Le géant de la grande distribution n'a pas trouvé de repreneur pour ces enseignes de proximité. Malgré les propositions de reclassement, les syndicats craignent de nombreux licenciements.
C'est une nouvelle étape dans la restructuration de Carrefour, lancée par le nouveau PDG Alexandre Bompard, passé par Canal +, Europe 1 et la Fnac.
2 400 postes vont être supprimés sur les sites du siège et 227 magasins de proximité, Carrefour market, Carrefour city ou Carrefour contact, vont fermer leurs portes dans les prochaines semaines.
Ces petites et moyennes surfaces, qui faisaient partie d'une liste de 273 magasins menacés, rachetés à Dia, en 2014, n'ont trouvé personne pour les reprendre.
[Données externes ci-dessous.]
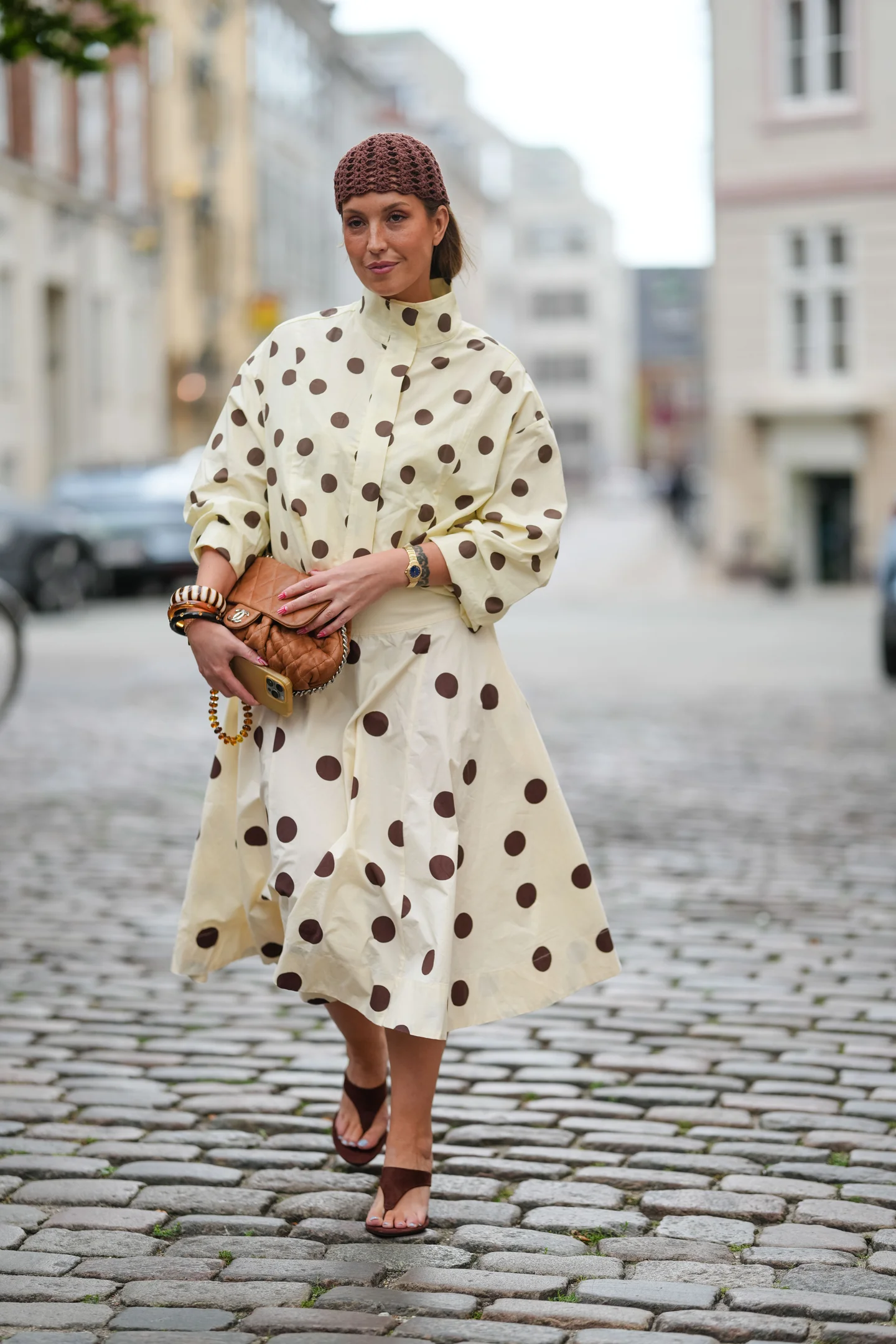 Wer durch die Stadt geht, erkennt die Häkelmütze in allen Stilwelten. In Wiener Bobo-Bezirk Neubau sitzt sie über einem Kurzhaarschnitt, kombiniert mit Oversize-Blazer und glänzenden Loafers. In Paris Montmartre begleitet sie eine Frau in langer Strickjacke und Seidenrock. In Antwerpen blitzt sie unter der Kapuze einer Pufferweste hervor, während Sneakers und lange Socken den Look sportlich brechen. Sie kann nostalgisch wirken oder futuristisch, verspielt oder streng – und vielleicht ist es genau das, was sie so aktuell macht.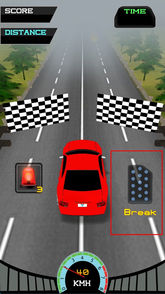 3、行駛在賽道上,點擊右側Break按鍵,可讓賽車減速剎車,避免碰撞,同時留意速度表,控制車速。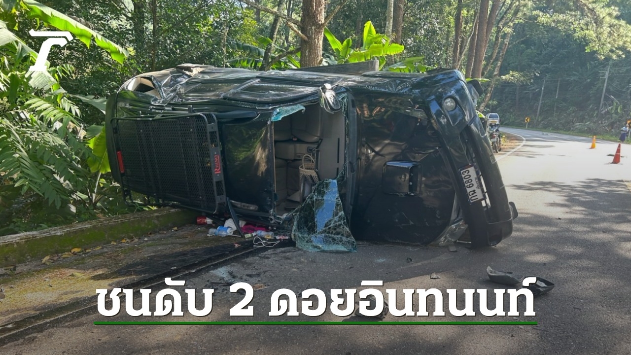 รถกระบะตู้ทึบเสร็จจากส่งของ วิ่งลงดอยอินทนนท์ ถึงทางโค้งอันตรายที่เคยเกิดอุบัติเหตุมีคนตาย 5 ศพ เมื่อปี 63 เกิดเสียหลักชน จยย.ดับ 2 ศพ และยังชนรถฟอร์จูนเนอร์นักท่องเที่ยวบาดเจ็บ 1 รถกระบะพุ่งตกเหว คนขับบาดเจ็บ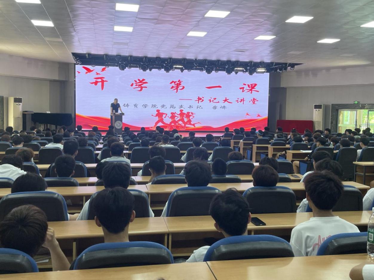 为引导新生坚定理想信念、筑牢思想根基、顺利适应大学生活,9月8日,开云kaiyun体育体育学院在学术报告厅举办“开学第一课——书记大讲堂”活动。学院党总支书记李峰担任主讲,2025级全体新生、辅导员及相关教师共同参与本次活动。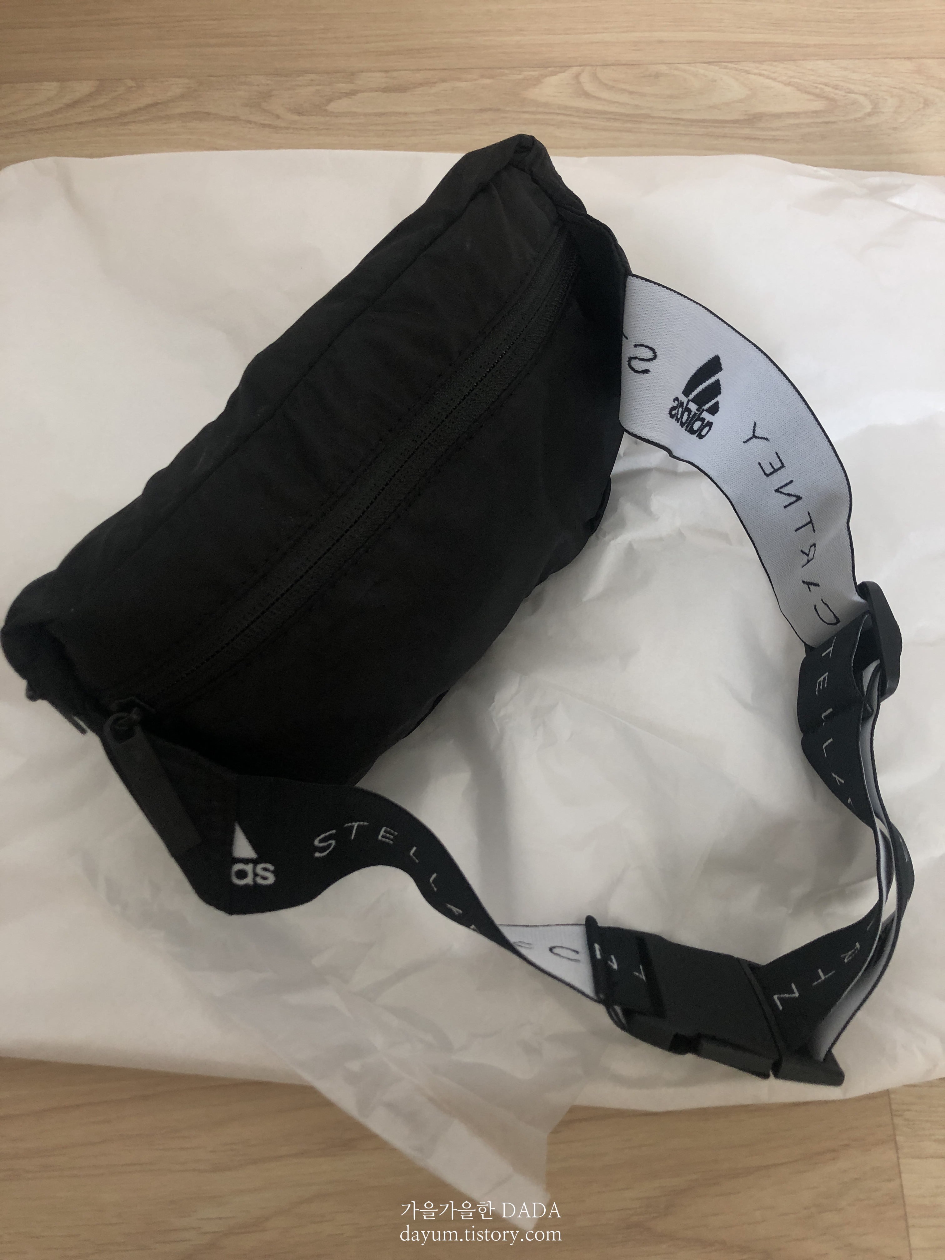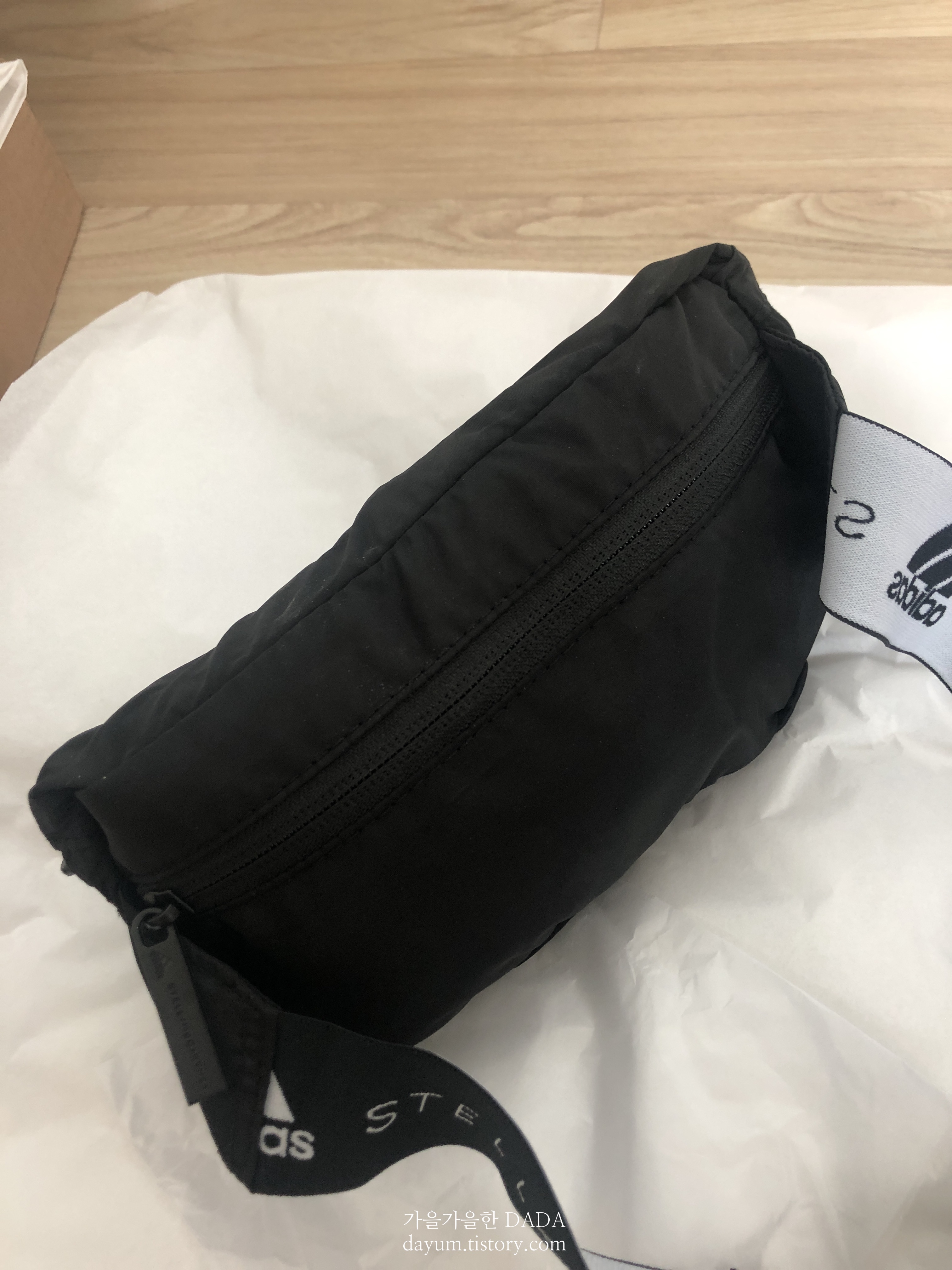 이 주머니 부분을 뒤집어서 가방을 잘 개켜(구겨/쑤셔) 넣으면 힙색처럼 만들어진다.

« Ce sont bien 227 magasins qui n'ont pas trouvé de repreneurs et qui fermeront au cours de l'été », a confirmé Carrefour au quotidien régional Midi Libre, qui avait publié vendredi 18 mai un document confidentiel listant les adresses condamnées et adressé à la Direction du Travail.
Des offres de dernière minute seront examinées d'ici au 4 juin, mais la direction de Carrefour ne se fait guère d'illusion sur le sort de ces magasins, principalement situés dans le Nord et l'Est de la France, qu'elle juge « peu attractifs ».
Près de 2 000 salariés travaillent dans les magasins menacés, ce qui laisse craindre aux syndicats une saignée.
« Tous les salariés ne seront pas reclassés », anticipe Frédéric Roux, délégué CGT de Carrefour, qui dénonce « un énorme gâchis » et a évoqué un millier de licenciements, sur Europe 1.
« 76 salariés ont déjà été reclassés en interne et 240 candidatures sont en train d'être étudiées », répond la direction du groupe Carrefour qui « proposera des offres locales de reclassement aux salariés concernés ».
Carrefour fait savoir que les salariés de ces magasins recevront chacun trois offres d'emploi en local, dont une externe, dans le cadre de ce reclassement.